**Input data**
---------------
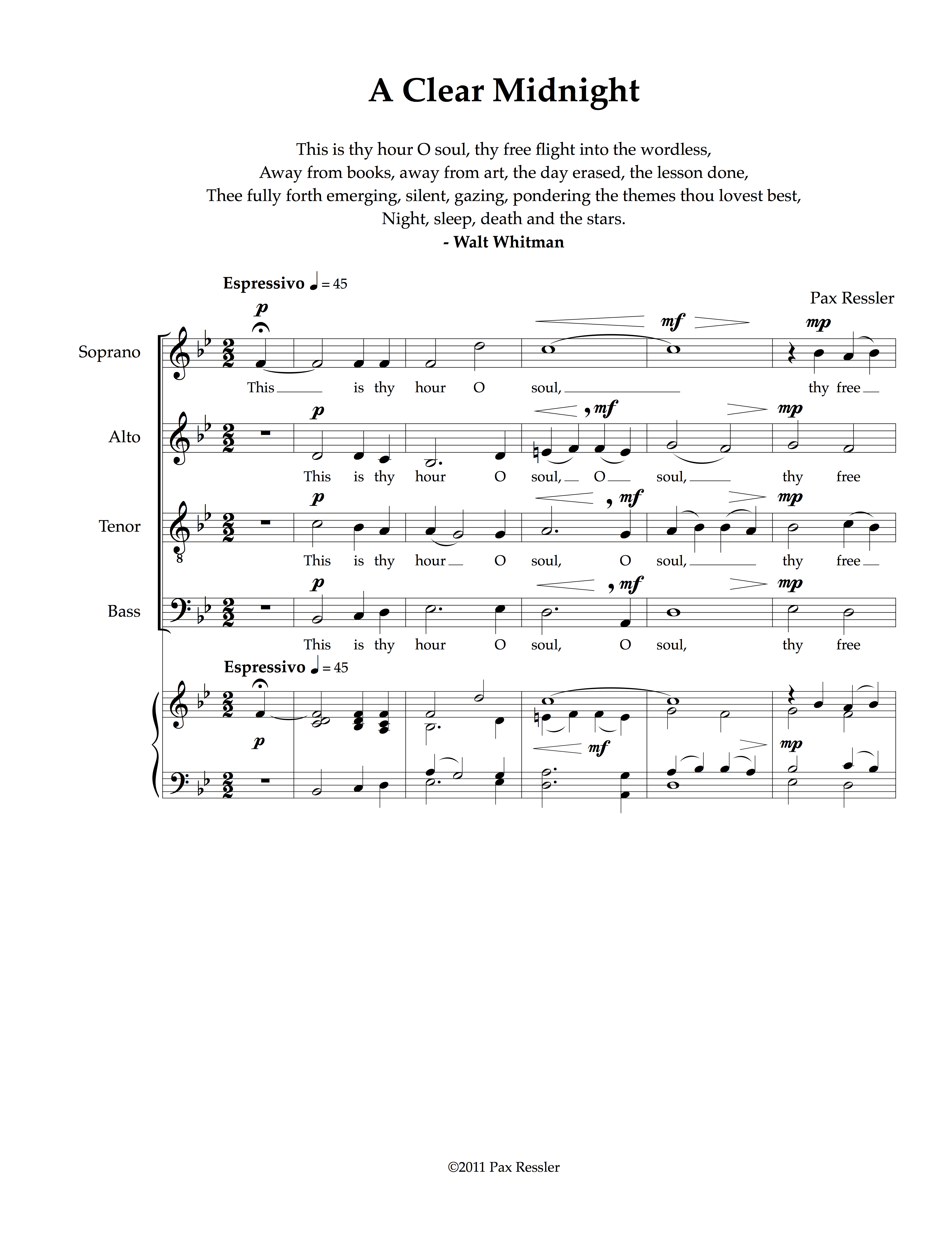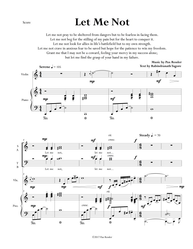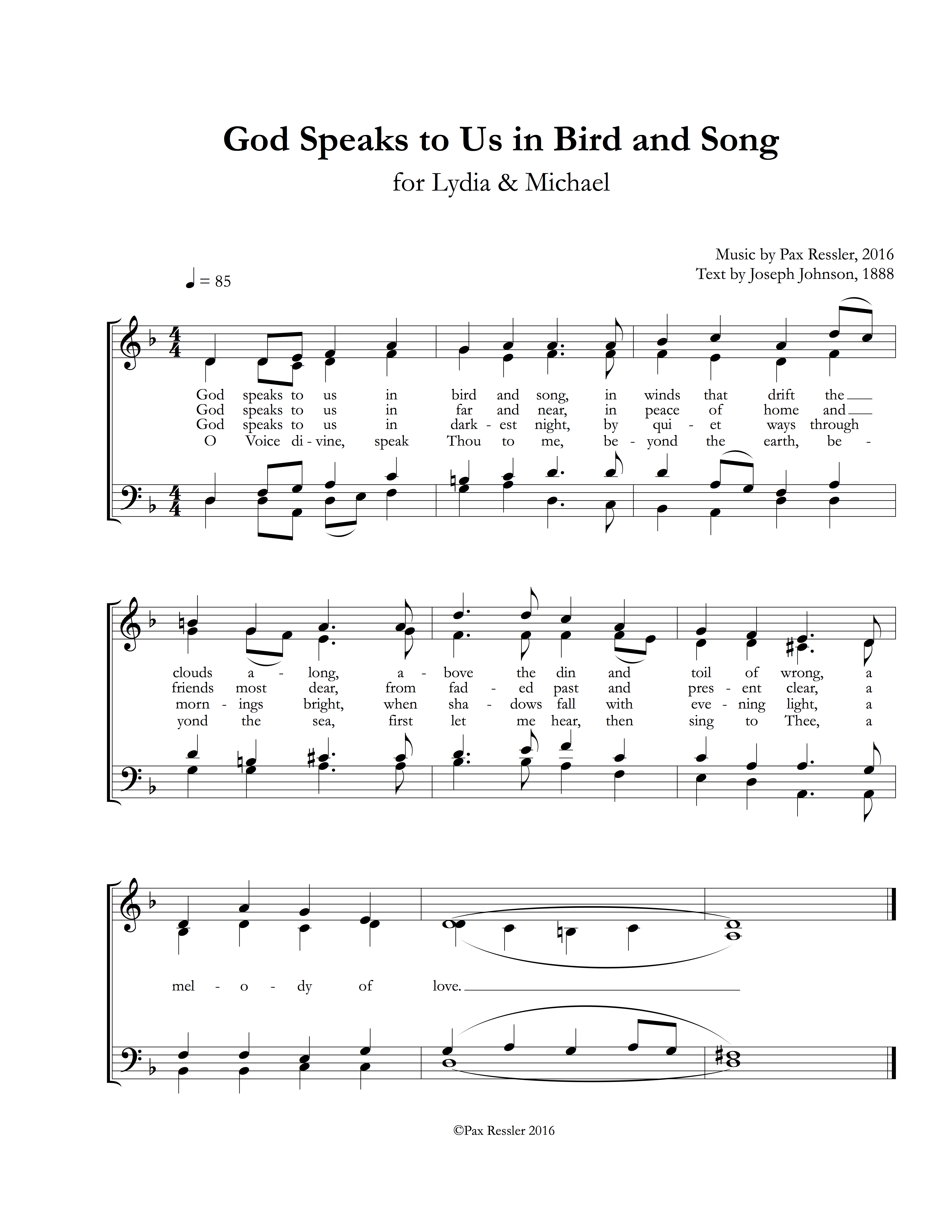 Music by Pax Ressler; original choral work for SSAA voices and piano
---------------
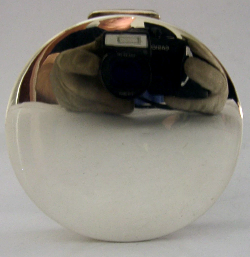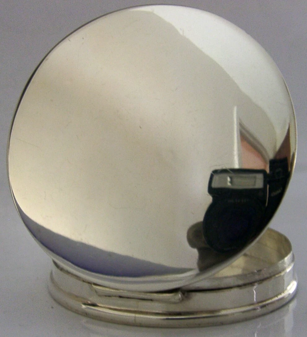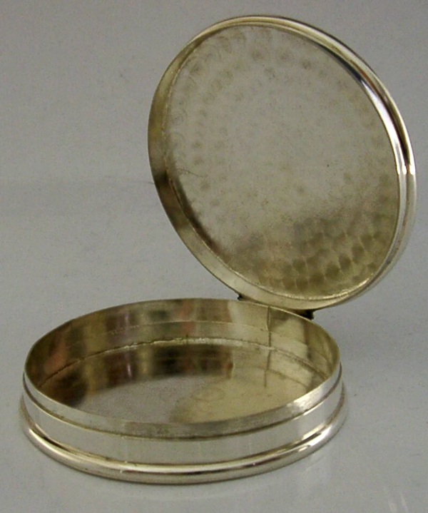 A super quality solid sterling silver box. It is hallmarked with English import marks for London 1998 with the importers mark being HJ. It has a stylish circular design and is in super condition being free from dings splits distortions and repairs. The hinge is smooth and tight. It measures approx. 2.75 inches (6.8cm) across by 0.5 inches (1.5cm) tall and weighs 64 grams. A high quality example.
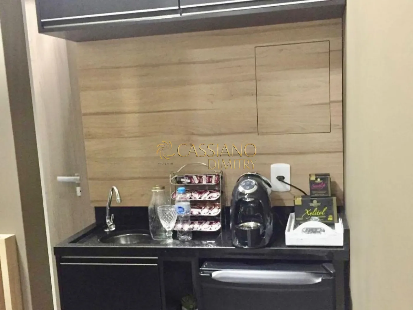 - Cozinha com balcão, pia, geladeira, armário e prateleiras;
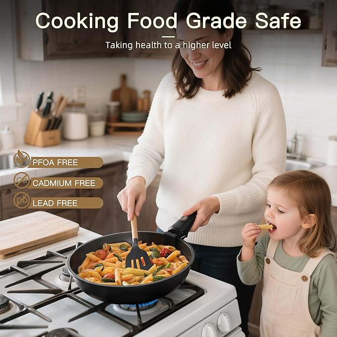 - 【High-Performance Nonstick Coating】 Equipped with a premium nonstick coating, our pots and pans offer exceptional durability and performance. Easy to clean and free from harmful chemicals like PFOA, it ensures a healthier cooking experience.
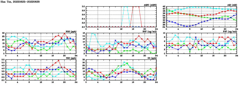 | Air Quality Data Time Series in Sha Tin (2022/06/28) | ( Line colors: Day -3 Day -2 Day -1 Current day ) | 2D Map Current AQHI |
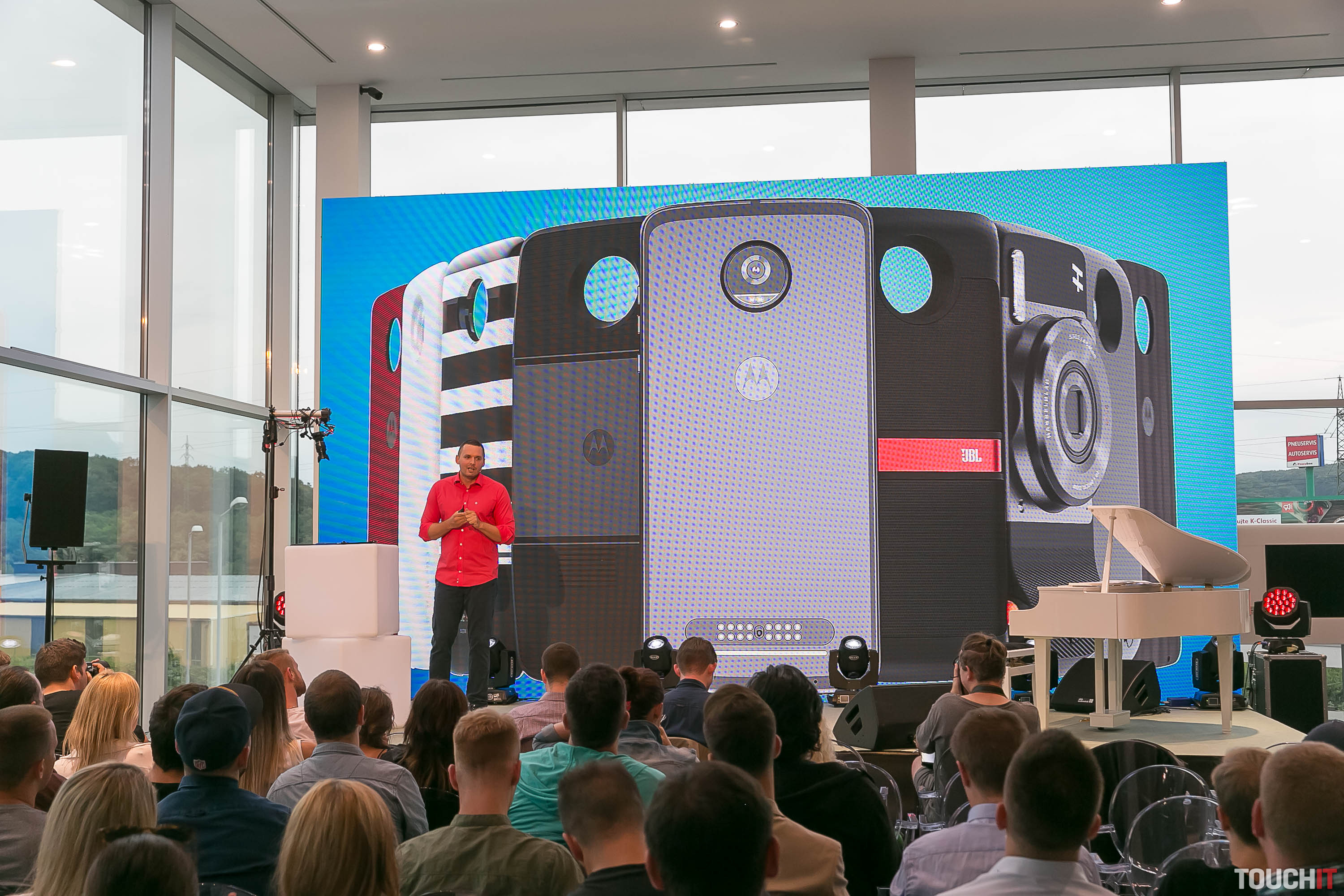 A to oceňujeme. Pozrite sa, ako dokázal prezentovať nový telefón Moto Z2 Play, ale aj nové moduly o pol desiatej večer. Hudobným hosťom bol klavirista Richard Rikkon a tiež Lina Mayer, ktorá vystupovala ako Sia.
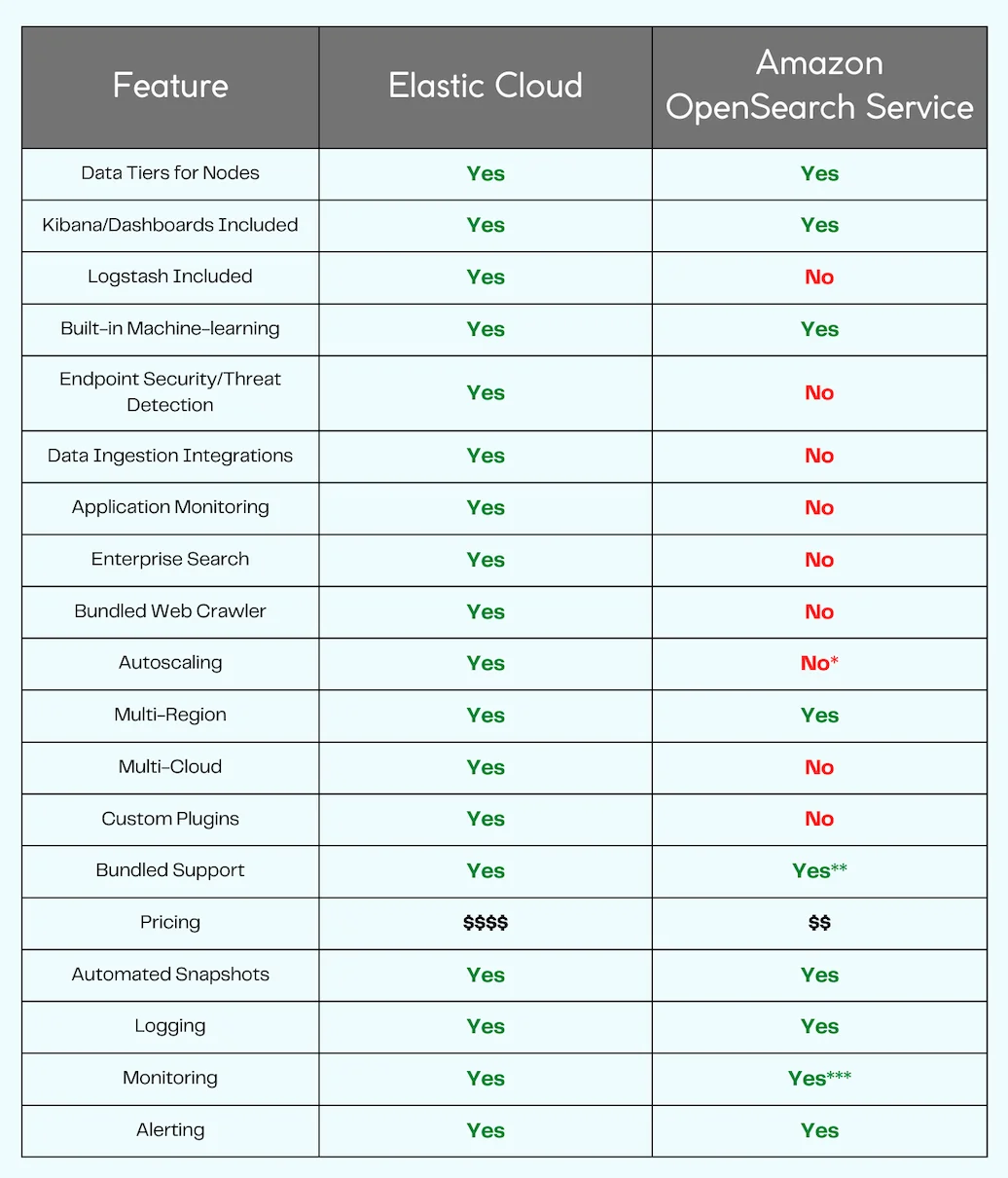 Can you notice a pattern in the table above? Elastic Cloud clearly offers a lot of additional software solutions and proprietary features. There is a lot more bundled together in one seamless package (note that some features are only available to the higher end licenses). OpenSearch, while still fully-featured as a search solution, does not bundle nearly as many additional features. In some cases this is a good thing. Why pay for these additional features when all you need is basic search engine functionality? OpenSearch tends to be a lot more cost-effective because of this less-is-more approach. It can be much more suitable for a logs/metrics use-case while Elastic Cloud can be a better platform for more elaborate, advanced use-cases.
---------------
**Task details**
Your answer must be the lines above from the one holding "- Cozinha com" up to and including the one holding "A to oceňujeme.", exact and with no pictures.

**Answer section**
 - Cozinha com balcão, pia, geladeira, armário e prateleiras;
 - 【High-Performance Nonstick Coating】 Equipped with a premium nonstick coating, our pots and pans offer exceptional durability and performance. Easy to clean and free from harmful chemicals like PFOA, it ensures a healthier cooking experience.
 | Air Quality Data Time Series in Sha Tin (2022/06/28) | ( Line colors: Day -3 Day -2 Day -1 Current day ) | 2D Map Current AQHI |
 A to oceňujeme. Pozrite sa, ako dokázal prezentovať nový telefón Moto Z2 Play, ale aj nové moduly o pol desiatej večer. Hudobným hosťom bol klavirista Richard Rikkon a tiež Lina Mayer, ktorá vystupovala ako Sia.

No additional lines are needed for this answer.